Ayrıca dopaminin yüksek seviyede salgılanması ile damarlarda daralma, taşikardi (kalbin çok hızlı atması), kan basıncında ani yükselme, ventriküler aritmi ve epilepsi nöbetleri görülür. Göz bebeklerinin büyümesi, yüksek kan şekeri ve vücut sıcaklığı da kokainin neden olduğu diğer etkilerdir.

Kokainin saf kullanımı nadirdir. Satıcıların kokain tozu şeker ya da prokain ile seyreltmeleri nedeniyle sokaktan sağlanan kokainin saflığı değişkendir. Kokain bazen de amfetaminle karıştırılarak piyasaya verilmektedir. En sık kullanım yolu iyice ezilmiş tozunun buruna çekilmesidir. Deri altına ya da damara enjeksiyon yolu ile ya da sigara gibi içmek tarzında da kullanılabilir. Buharının içe çekilmesi en az tehlikeli olan kullanım yoludur. En tehlikeli kullanım yolu damara enjekte edilmesi ya da sigara olarak içilmesidir..Ağız yoluyla da kullanılabilir.
Bir merkezi sinir sistemi uyarıcısı olması nedeniyle amfetamin ve kafein gibi diğer uyarıcılarla benzer öngörülebilecek fizyolojik etkileri vardır. Burada etkilenen temel psikolojik işlevler; açlık, cinsellik ve susuzluk gibi dürtüler ile mizaç ve bilinç düzeyidir.
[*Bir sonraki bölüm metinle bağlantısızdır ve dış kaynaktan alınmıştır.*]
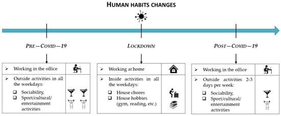 The assumption was to select three human behaviours, representative of the changes in lifestyle that occurred in this pandemic. The choice was made, taking into account two particular aspects—work and social life. Regarding work, the Italian government adopted legislative prescription to avoid infection diffusion, promoting “smart working” at home and determining great changes in the lifestyles of workers. In fact, if during the pre-COVID-19 period, staying in the office was substantially diffused, after that, many public and private companies adopted remote solutions to guarantee the safety and health of their employees. At the same time, this action brought some indirect consequences, such as savings, in terms of management costs, and a better quality of life for commuters, leading to the adoption of this kind of work even when the pandemic situation had improved. The second aspect to be considered is the change in sociability, due to the closures of all meeting places (gyms, theatres, cinemas, etc.) and the reduction of outside activities that improved home hobbies and chores.
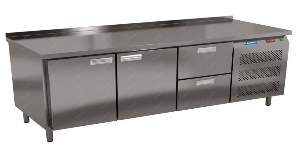 Морозильный стол КАМИК СМ-Т-221857 используется на предприятиях общественного питания и торговли для заморозки и длительного хранения продуктов, полуфабрикатов и мороженого, а также для установки теплового оборудования на него. Конструкция разделена на секции, каждая из которых оборудована сетчатой полкой и парой направляющих. Корпус выполнен из нержавеющей стали.

Cinsel orgazma benzetilen ani ve yoğun öfori hissi, kullanım biçimine göre 1-2 dakika sürebilir. Bu dönem sonrasında öfori yi izleyen bir sıkıntı hali kendini gösterebilir. Mani ya da hipomaniye benzer bulgular ortaya çıkabilir. Yüksek dozlardaki zehirlenmelerde değerlendirme ve yargılma bozuklukları, alınma ve şüphelenme düşünceleri ve algı bozuklukları sıklıkla görülebilir.